### Work item
Your copy of the entries must be exact, and it must not include the pictures.

### Exercise input
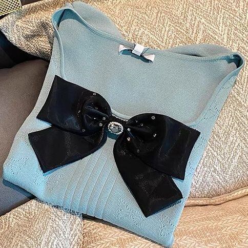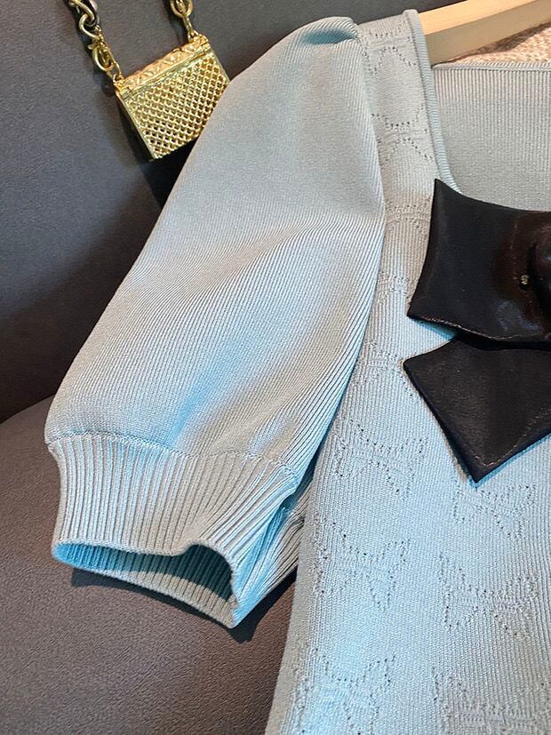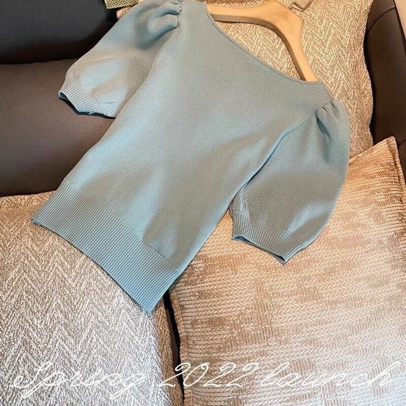 ノミクマシックスウィートボウノットスクエアカラーニット2022サマーパフスリーブセーターレディーススリムプルオーバーニットトップス リボン 大人ガーリー キュート カジュアル 夏物 スクウェア kor25044880402
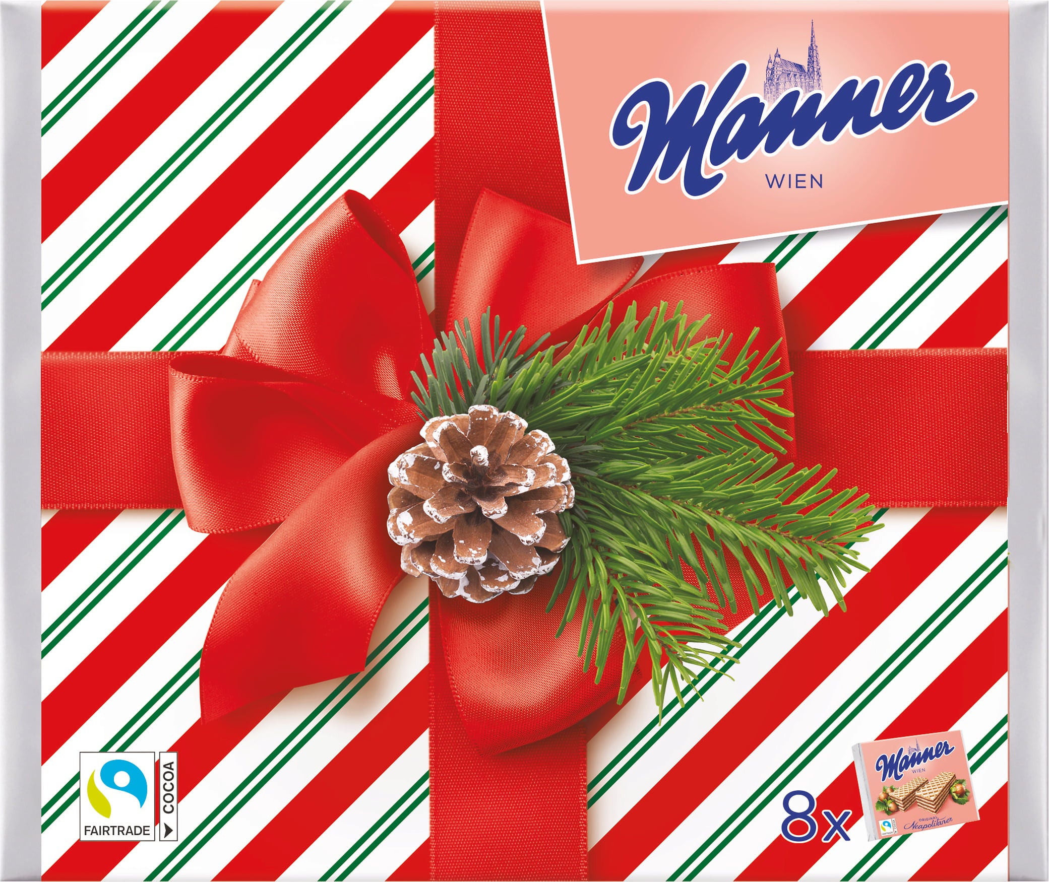 The perfect gift for those who love Manner wafers - crisp wafers filled with aromatic Neopolitaner cream in a large pack with a festive Christmas design. The special edition pack contains 8 packs of wafers, each weighing 75 grams. The recipe is egg-free.
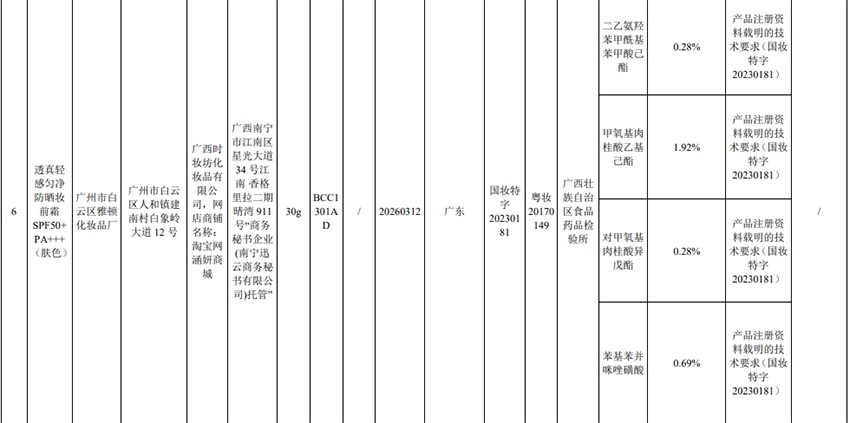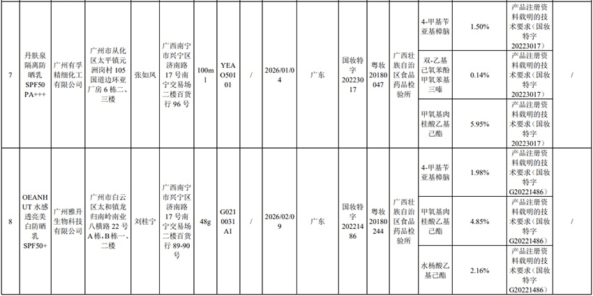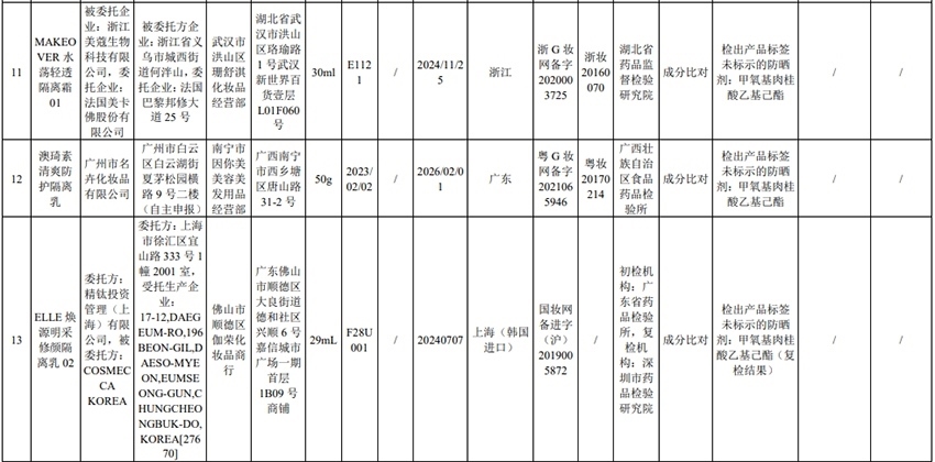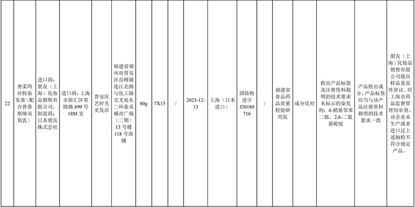 記者注意到,其中,產(chǎn)品標簽標示為歐萊雅(中國)有限公司生產(chǎn)的蘭蔻輕透水漾防曬乳(標示批號:78W200)“未檢出產(chǎn)品標簽及注冊資料載明的技術(shù)要求標示的防曬劑”;產(chǎn)品標簽標示為朋友(上海)化妝品銷售有限公司進口的普柔瑪絲特染發(fā)膏(配合普蓉斯綈雙氧乳)(標示批號:7X15)“檢出產(chǎn)品標簽及注冊資料載明的技術(shù)要求未標示的染發(fā)劑”;產(chǎn)品標簽標示為資生堂(中國)投資有限公司經(jīng)銷的安熱沙金燦倍護防曬啫喱(標示批號:1356TD)“產(chǎn)品標簽與注冊資料載明的技術(shù)要求不一致”、“未檢出產(chǎn)品標簽標示的防曬劑”、“未檢出注冊資料載明的技術(shù)要求標示的防曬劑”。
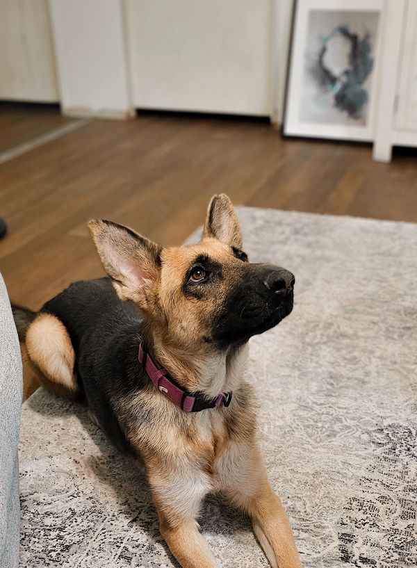 Celine- She is a sweet velcro shepherd who loves to go anywhere you go, or stay at home and binge watch your favorite show.
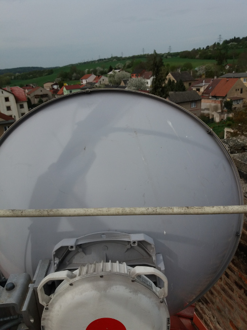 Našli jsme však mnohem lepší řešení! Kolegové si všimli, že z třebichovického úřadu je vidět náš nově postavený stožár na smečenské škole. Tedy jen jeho špička. To však stačí. Díky tomu jsme schopni vést spojení přímo ze Smečna, kam je již týden přivedeno více jak gigabitové napojení. Tím eliminujeme nutnost vést data “oklikou” do Pcher a pak do Třebichovic. To umožní snadnější navýšení kapacity pro Třebichovice, možnost zálohování “internetu”, pokud by došlo k výpadku někde na trase, a také jako bonus získáme i zálohu pro Pchery a nižší odezvy pro stávající zákazníky.
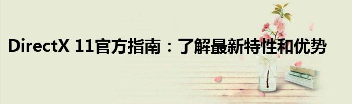 欢迎来到DirectX 11官方指南!在这里,我们将向您介绍DirectX 11的最新特性和优势,帮助您了解这个强大的图形和音频处理API。
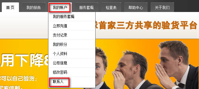 登录后,把鼠标移到顶部菜单中的“我的账户”,弹出菜单后点击“联系人” 。

### Exercise solution
 ノミクマシックスウィートボウノットスクエアカラーニット2022サマーパフスリーブセーターレディーススリムプルオーバーニットトップス リボン 大人ガーリー キュート カジュアル 夏物 スクウェア kor25044880402
 The perfect gift for those who love Manner wafers - crisp wafers filled with aromatic Neopolitaner cream in a large pack with a festive Christmas design. The special edition pack contains 8 packs of wafers, each weighing 75 grams. The recipe is egg-free.
 記者注意到,其中,產(chǎn)品標簽標示為歐萊雅(中國)有限公司生產(chǎn)的蘭蔻輕透水漾防曬乳(標示批號:78W200)“未檢出產(chǎn)品標簽及注冊資料載明的技術(shù)要求標示的防曬劑”;產(chǎn)品標簽標示為朋友(上海)化妝品銷售有限公司進口的普柔瑪絲特染發(fā)膏(配合普蓉斯綈雙氧乳)(標示批號:7X15)“檢出產(chǎn)品標簽及注冊資料載明的技術(shù)要求未標示的染發(fā)劑”;產(chǎn)品標簽標示為資生堂(中國)投資有限公司經(jīng)銷的安熱沙金燦倍護防曬啫喱(標示批號:1356TD)“產(chǎn)品標簽與注冊資料載明的技術(shù)要求不一致”、“未檢出產(chǎn)品標簽標示的防曬劑”、“未檢出注冊資料載明的技術(shù)要求標示的防曬劑”。
 Celine- She is a sweet velcro shepherd who loves to go anywhere you go, or stay at home and binge watch your favorite show.
 Našli jsme však mnohem lepší řešení! Kolegové si všimli, že z třebichovického úřadu je vidět náš nově postavený stožár na smečenské škole. Tedy jen jeho špička. To však stačí. Díky tomu jsme schopni vést spojení přímo ze Smečna, kam je již týden přivedeno více jak gigabitové napojení. Tím eliminujeme nutnost vést data “oklikou” do Pcher a pak do Třebichovic. To umožní snadnější navýšení kapacity pro Třebichovice, možnost zálohování “internetu”, pokud by došlo k výpadku někde na trase, a také jako bonus získáme i zálohu pro Pchery a nižší odezvy pro stávající zákazníky.
 欢迎来到DirectX 11官方指南!在这里,我们将向您介绍DirectX 11的最新特性和优势,帮助您了解这个强大的图形和音频处理API。
 登录后,把鼠标移到顶部菜单中的“我的账户”,弹出菜单后点击“联系人” 。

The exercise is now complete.